Brief | Look in the data below for the line that has "Welcome Home! This", then print exactly every line from there through the line that has "Anker Eufy (ユーフィ)", leaving pictures out.

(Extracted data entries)
'''
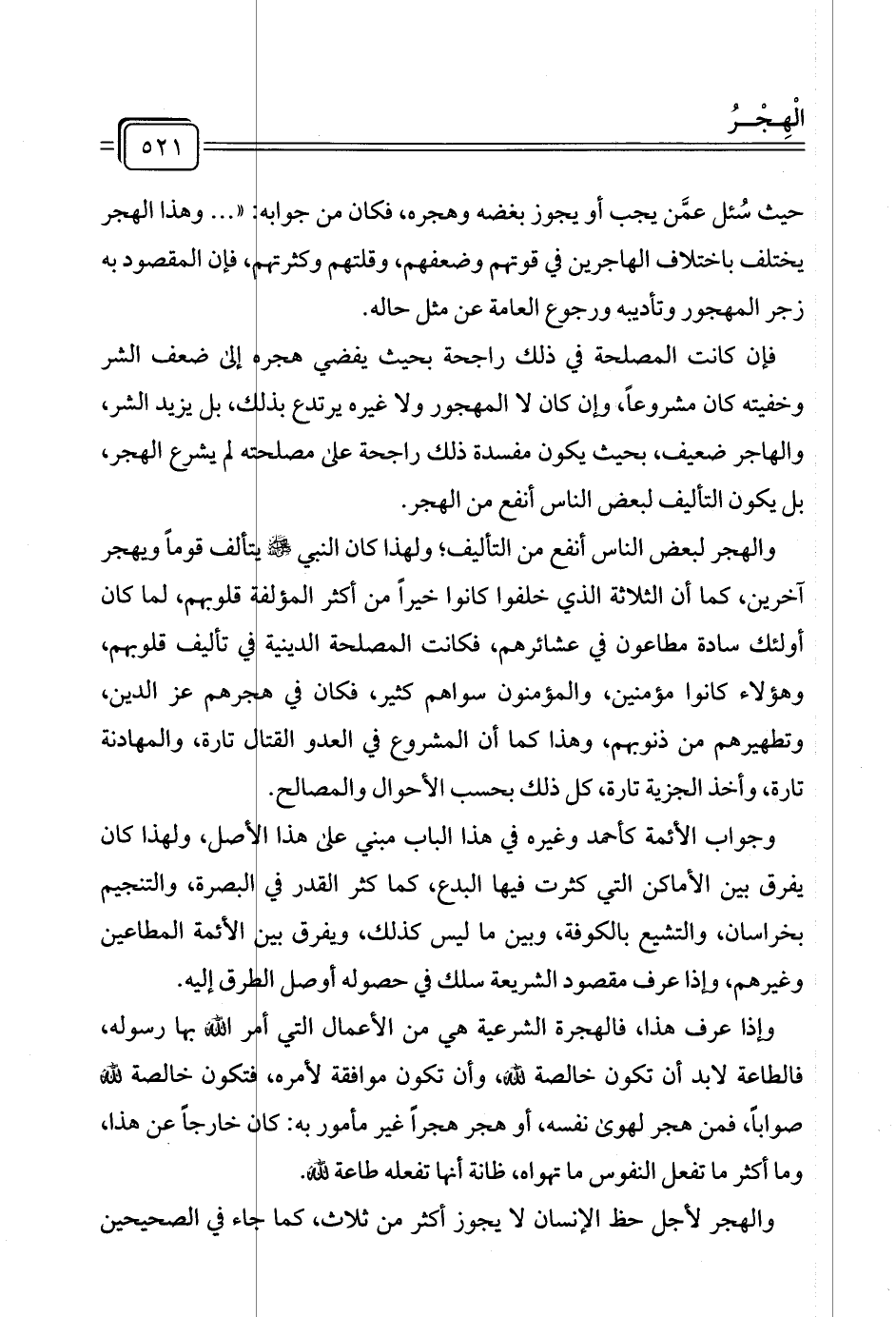 فإن كانت المصلحة في ذلك راجحة بحيث يفضي هجره إلى ضعف الشر وخفيته كان مشروعًا، وإن كان لا المهجور ولا غيره يرتدع بذلك، بل يزيد الشر، والهاجر ضعيف، بحيث يكون مفسدة ذلك راجحة على مصلحته لم يشرع الهجر، بل يكون التأليف لبعض الناس أنفع من الهجر.
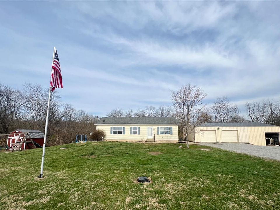 Welcome Home! This home offers 4 bedrooms w/ option for 5th bedroom and 2 full baths. Full walkout basement. 3 car detached garage with fenced in backyard. Beautiful wooded view with a creek. This home is located in Blanchester School District and sits on just under 3 acres. All new flooring on first floor!
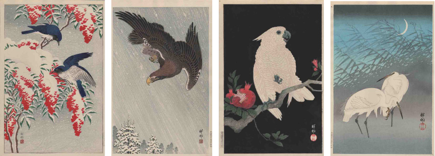 金沢市生まれ。菊池容斎の高弟・中島亨斎に師事し活躍した鈴木華邨に10代で入門。華邨は、日本画の他木版口絵でも活躍し、花鳥画を得意とした画家です。古邨は、明治32年から岡倉天心が中心となる日本絵画協会の展覧会や共進会に、花鳥画を中心に出品し褒状を受け日本画家としての道を進みました。そして、既に渡辺省亭や鈴木華邨の花鳥画が海外で人気を得ていた頃、古邨の花鳥画はアーネスト・フェノロサの目に止まり、輸出用の木版画の制作へと導かれました。
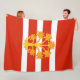 Fleece Blanket with design with a flag of historic county of Westmorland, in England, Great Britain; white and red striped flag with golden heraldic apple tree in the centre
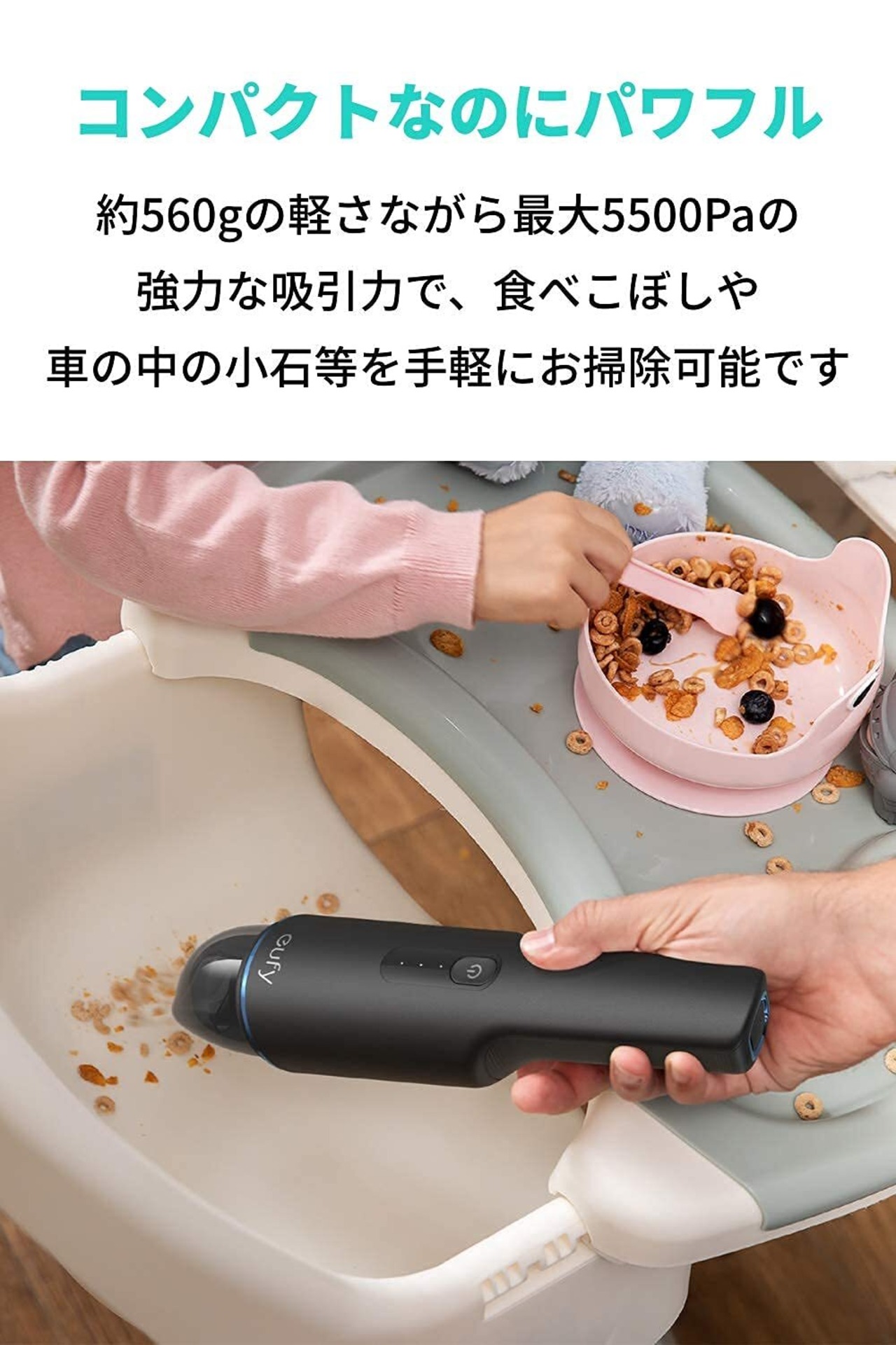Anker Eufy (ユーフィ) HomeVac H11(ハンディクリーナー)【コードレス/充電式/軽量設計 / 5500Paの吸引力 / USB充電/コンパクトサイズ/車用/コンビネーションノズル付属】ブラック
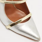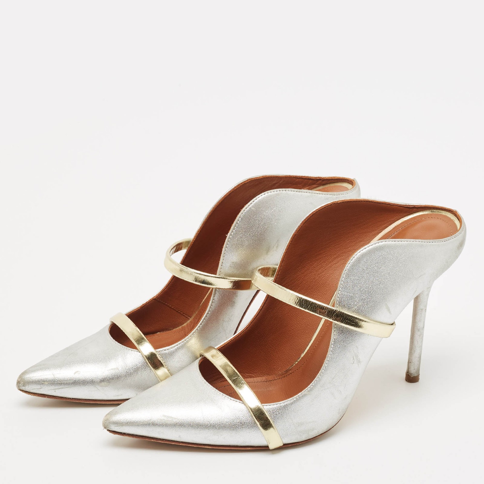 Our eBay Store About Us Contact Us Add to Favorite Sellers Malone Souliers GoldSilver Leather Maureen Pointed Toe Mules Sandals Size 37.5 A perfect blend of luxury, style, and comfort, these designer mules are made using quality materials and frame your feet in the most elegant way. They can be paired with a host of outfits from your wardrobe. Product Details Brand Malone Souliers Color Silver Includes The Luxury Closet Packaging Outsole Length 23.5 cm Outsole Width 8 cm Size 37.5 Certified by The Luxury Closet This item has gone through a detailed authentication process overseen by our experts. We offer a lifetime guarantee of authenticity on all our items. How We Check The in-house team of experts at The Luxury Closet is highly trained to verify the authenticity and the condition of the luxury products. They ensure that only 100% authentic items are put on sale.The evaluation process is unique with its own mix of assessment criteria and differs according to the category. Each item is evaluated based on the following combination of hallmarks, hardware, stitching, symmetry, material, craftsmanship, stamping, codes, hologram stickers, and packaging. Our authenticators also check if the items have been modified or amended (e.g., aftermarket diamonds, replaced batteries, repaired bags, etc.) International Buyers Import duties, taxes and charges are not included in the item price. These charges are the buyers responsibility. Please check with your country’s customs office to determine what these additional cost will be prior to buying.
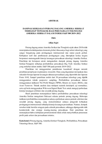 Perang dagang antara Amerika Serikat dan Tiongkok sejak tahun 2018 telah menciptakan ketidakpastian ekonomi global, khususnya bagi sektor teknologi yang sangat bergantung pada perdagangan internasional dan rantai pasok global. Kebijakan tarif dan pembatasan perdagangan yang diterapkan kedua negara berpotensi memengaruhi kinerja keuangan perusahaan teknologi Amerika Serikat. Penelitian ini bertujuan untuk menganalisis dampak perang dagang Amerika Serikat-Tiongkok terhadap profitabilitas perusahaan Big Tech Amerika Serikat yang terdaftar dalam indeks S&P 500 pada periode 2019–2022. Penelitian ini menggunakan pendekatan kuantitatif dengan metode penelitian penjelasan (explanatory research). Data yang digunakan merupakan data sekunder berupa laporan keuangan tahunan perusahaan yang diperoleh dari laporan Form 10-K. Sampel penelitian terdiri dari 30 perusahaan teknologi yang dipilih menggunakan teknik purposive sampling. Profitabilitas perusahaan diukur menggunakan indikator Net Profit Margin (NPM), Return on Assets (ROA), dan Asset Turnover. Teknik analisis data meliputi statistik deskriptif, uji normalitas, serta uji beda menggunakan Wilcoxon Signed Rank Test untuk menguji perbedaan kinerja keuangan sebelum dan sesudah perang dagang. Hasil penelitian menunjukkan bahwa profitabilitas perusahaan teknologi Amerika Serikat mengalami fluktuasi selama periode perang dagang. Beberapa indikator profitabilitas menunjukkan adanya perbedaan antara periode sebelum dan sesudah perang dagang, yang mencerminkan adanya pengaruh kebijakan perdagangan internasional terhadap kinerja keuangan perusahaan. Namun, dampak tersebut tidak bersifat seragam pada seluruh perusahaan, sehingga dipengaruhi oleh karakteristik dan strategi masing-masing perusahaan. Dari penelitian ini menunjukan bahwa kebijkana proteksionisme tidak selalu menyebabkan penurunan profit pada sektor dan perusahaan tertentu. Kata kunci: Perang dagang, Amerika Serikat–Tiongkok, Profitabilitas, Perusahaan Teknologi Besar, S&P 500.
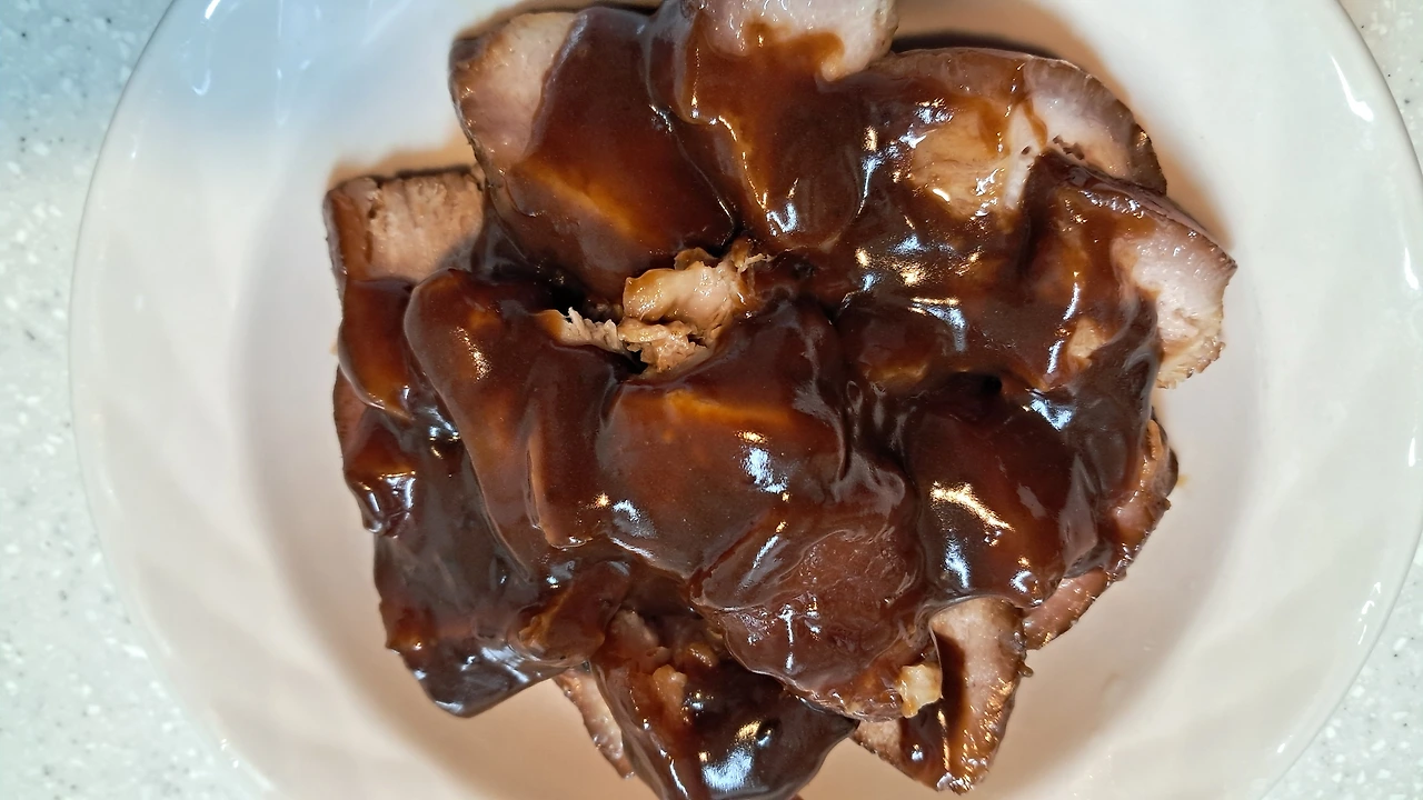 - 20분 후 냉동실에서 고기를 꺼내 두껍게 썬다.
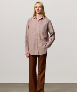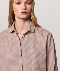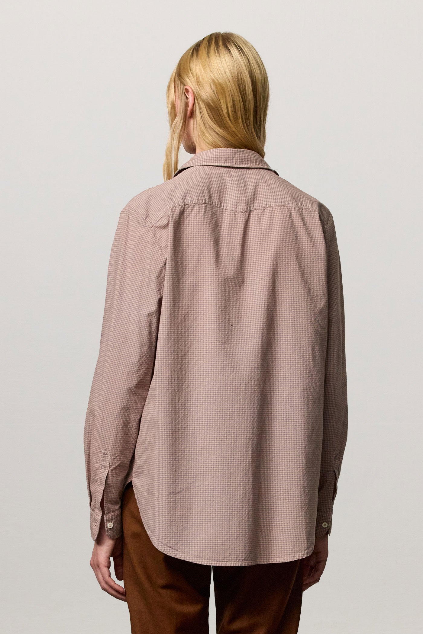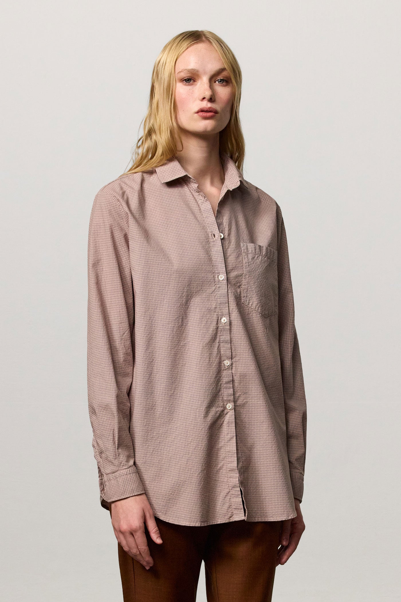 Classic collar shirt with chest pocket, pointed collar stand, small embroidered shield on the front for adding numbers, made in micro check watercolor cotton. Made in Italy.
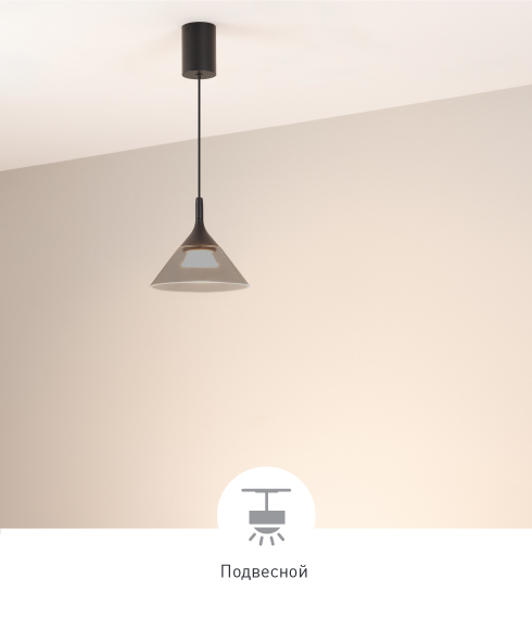 Стильный дизайн Стеклянный конусообразный плафон дымчатого цвета добавит в интерьер элегантность.
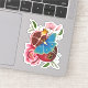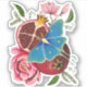 Laser cut sticker features a pomegranate and blue lunar moth with greenery and flowers.
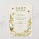 Este Bebê no Bloom no chá de fraldas de código QR apresenta um design de flores silvestres, borboletas e abelhas - margarida | flores camomilares ligadas à armação de texto cuidadosamente escolhido. Uma borboleta fica entre a design botânica de flor silvestre, à medida que as abelhas voam. O verso apresenta o código QR para o registro da futura mãe. Simplesmente personalize o roteiro para suas necessidades com este doce design.
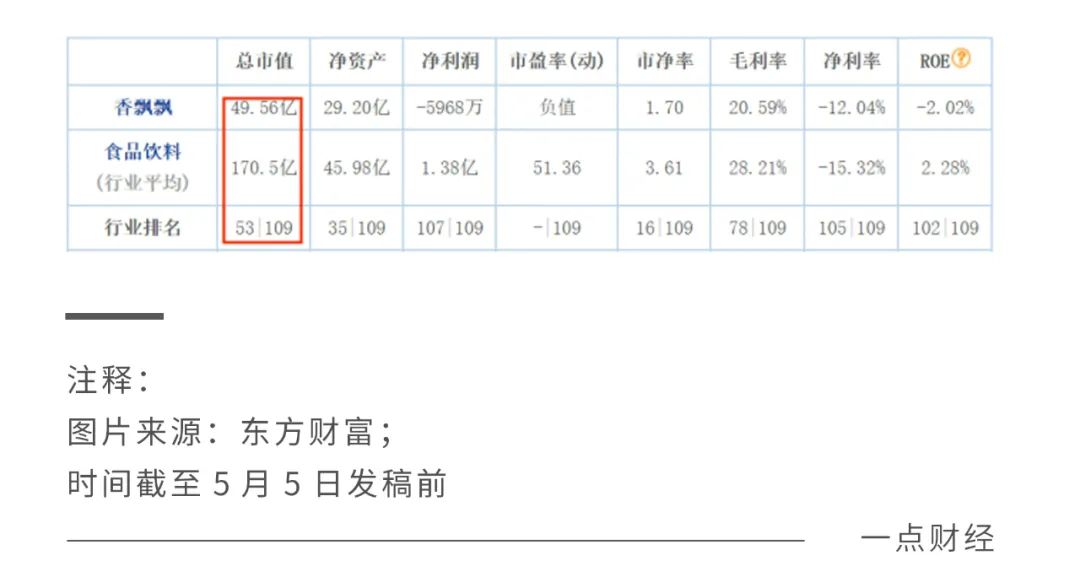 “规模不小,市值很小。”在某投资者问答平台上,投资者们一针见血地戳破了香飘飘的遮羞布,49亿元的市值远低于行业平均水平,而其开年来的业绩表现,亦难为其添彩。
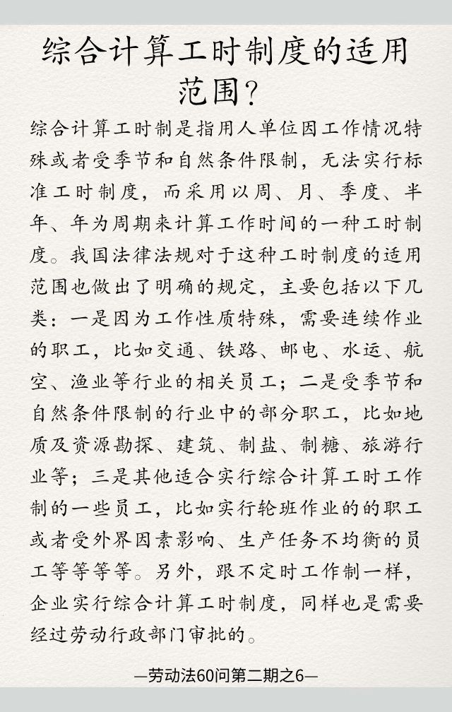 劳动法60问第二期之6|综合计算工时制度的适用范围?
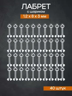 Набор лабрет 8 мм для пирсинга с шариком (40 штук)
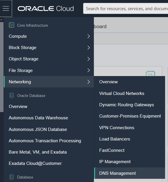 You can access internet and private DNS zones in the OCI Console by navigating to Networking and then DNS Management in the main menu.
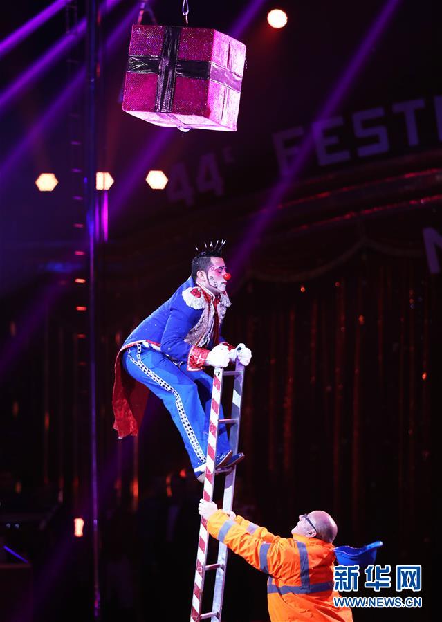 1月17日,在摩纳哥蒙特卡洛,小丑演员亨利·阿亚拉(上)在第44届蒙特卡洛国际马戏节上表演。 第44届蒙特卡洛国际马戏节16日在摩纳哥开幕,来自中国、瑞士、俄罗斯等16个国家和地区的演员们角逐马戏节最高奖项“金小丑”奖。 新华社记者 高静 摄
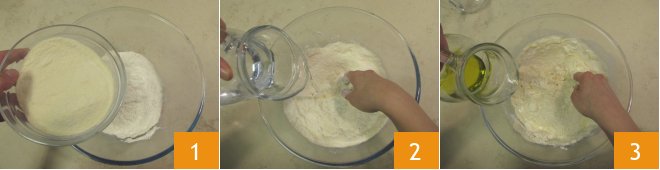 To prepare the Sardinian ricotta ravioli, first take care of the fresh pasta: in a large bowl, pour the all-purpose flour and semolina flour 1, add the water 2 and oil 3 gradually, mixing with your hands.
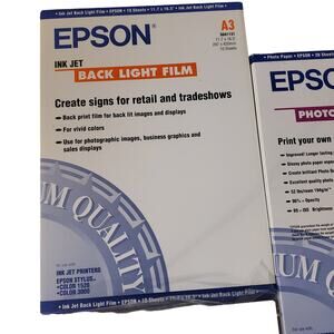 Epson Photo Paper 10" x 17" Back Light Film 11.7" x 16.5" Matte Paper 11" x 14" Lot. Paper was preowned and in very good clean condition. There's about 6 pages of epson 11.7in x 16.5in ink jet back light film. There's about 3 pages of epson 11in x 17in photo paper. There's about 18 pages of epson 8in x 10in/11 x 14in matte heavyweight paper. View all pictures before purchasing. Item will be packed with care. Message me if you have any questions. Browse and save my store for antique and vintage collectibles. Reasonable offers are considered.
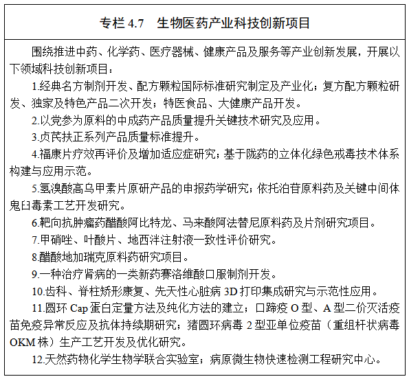2.科技支撑生物医药产业发展。立足新区生物医药产业基础,支持佛慈制药、和盛堂制药等企业开展中药材、中医药研发和产业化,推动中药产业转型升级。坚持原研药和仿制药、高端制剂和高端原料药并行发展,支持兰药药业等企业与高校、科研院所合作开展化学药研发、一致性评价及处方工艺研究,加快建立原研药、仿制药、高端制剂、高端原料药研发体系。推进生物安全三级防护实验室建设。强化疫苗基础性研究,突破疫苗分子设计、多联多价设计、工程细胞构建等关键技术,实现核心技术从“跟跑”到“并跑”到“领跑”转变。依托西部药谷产业园,引育一批龙头企业,建设集现代中药研发生产中心、医学成果转化中心、康复医疗器械生产销售、医药仓储物流为一体的生物医药产业园,打造兰州新区首个“大健康产业 生物医药产业”专业孵化园。
'''
Exercise solution |
 Welcome Home! This home offers 4 bedrooms w/ option for 5th bedroom and 2 full baths. Full walkout basement. 3 car detached garage with fenced in backyard. Beautiful wooded view with a creek. This home is located in Blanchester School District and sits on just under 3 acres. All new flooring on first floor!
 金沢市生まれ。菊池容斎の高弟・中島亨斎に師事し活躍した鈴木華邨に10代で入門。華邨は、日本画の他木版口絵でも活躍し、花鳥画を得意とした画家です。古邨は、明治32年から岡倉天心が中心となる日本絵画協会の展覧会や共進会に、花鳥画を中心に出品し褒状を受け日本画家としての道を進みました。そして、既に渡辺省亭や鈴木華邨の花鳥画が海外で人気を得ていた頃、古邨の花鳥画はアーネスト・フェノロサの目に止まり、輸出用の木版画の制作へと導かれました。
 Fleece Blanket with design with a flag of historic county of Westmorland, in England, Great Britain; white and red striped flag with golden heraldic apple tree in the centre
Anker Eufy (ユーフィ) HomeVac H11(ハンディクリーナー)【コードレス/充電式/軽量設計 / 5500Paの吸引力 / USB充電/コンパクトサイズ/車用/コンビネーションノズル付属】ブラック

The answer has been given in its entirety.